现在我的问题来了,虽然我能够抓取页面并检索所有图像并将它们分为alted和nonAlted类别,但我不能将它们放入响应对象中!

now comes my problem, although i am able to scrape the page and retrieve all the images and separate them to the alted and nonAlted categories i can't put them in the response object !

我认为为了进一步澄清我的问题,最好添加一些代码,因此以下代码是我在 YQL 表的执行块中使用的代码:

I think to further clarify my issue it would be better to add some code, so the following code is what i use in the execute block of my YQL table:

query = "select * from html where url='http://www.example.com/page-path' and xpath='//li'";
var result = y.query(query);

y.log(result.results..img.(@alt));

var querieselement = <urls/>; 
querieselement.query = result.results..img.(@alt);

response.object = querieselement;

所以我的问题是如何设置响应对象以包含已处理的图像列表,请注意,运行查询后,尽管日志显示了列表,但结果并未显示任何数据,希望有人能指点我到那个问题的原因.

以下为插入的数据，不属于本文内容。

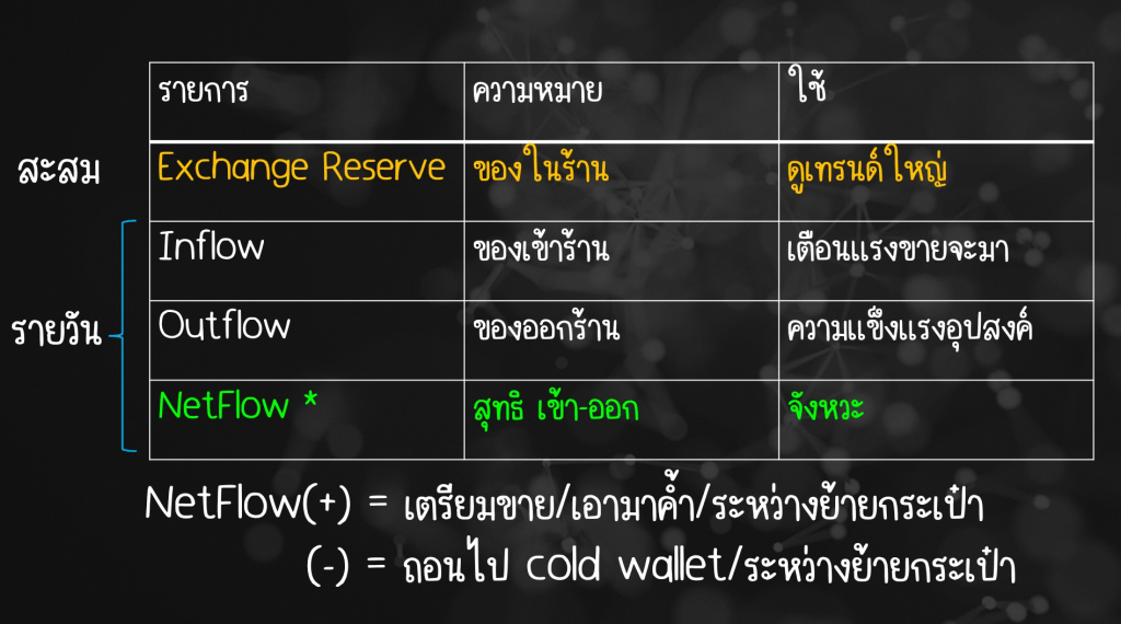 สรุป ก็คือ Reserve เหมาะกับการดู “โครงสร้างระยะยาว” ว่าเหรียญอยู่บนกระดานมาก–น้อยแค่ไหน ส่วน Netflow เหมาะกับการดู “ความเสี่ยงระยะสั้น” โดยเฉพาะช่วงราคาผันผวน

So my question is how can i set the response object to contain the processed list of the images, note that after running the query the result doesn't show any data although the log is showing the list, hope someone can point me to the cause of that problem.

P.S. 我提到资源使用"的原因是在标题中是因为我知道能够为每个图像类别执行单独的调用,这意味着将同一页面抓取两次,我认为这有点低效.

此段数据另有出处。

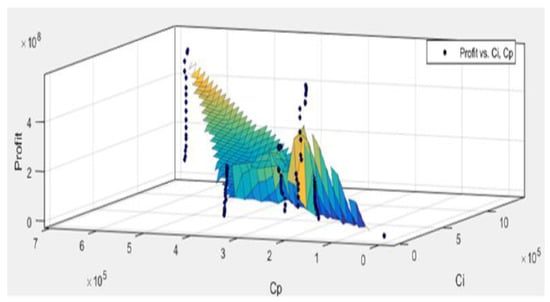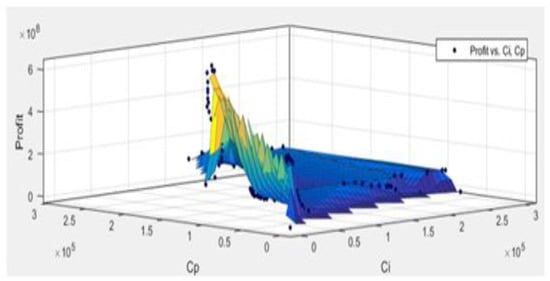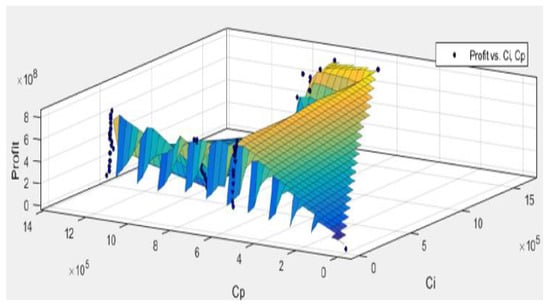 Figure 8 shows that within the ideal condition, to obtain the maximum profit of advance SMEs, the Cp value (production cost) should be between 4 and 8 by the Ci value (idea cost). This indicates that if Cp/Ci < 4, maximum profit will not be obtained, but if the Cp/Ci > 8, the profit will decline.

P.S. The reason i mentioned "resources usage" in the title is that because i am aware of the ability to perform to separate calls for each images category which means scraping the same page two times which i think is kind of inefficient.

P.S.如果有人能帮助我理解这两行的含义,我也会很高兴

P.S. i would also be glad if someone can help me understand what is the meaning of those two lines

querieselement = <urls/>;
querieselement.query = result.results..img.(@alt);

为什么"以及为什么querieselement.query",我不知道他们应该做什么,而他们似乎在做关键工作,因为更改它们会破坏代码.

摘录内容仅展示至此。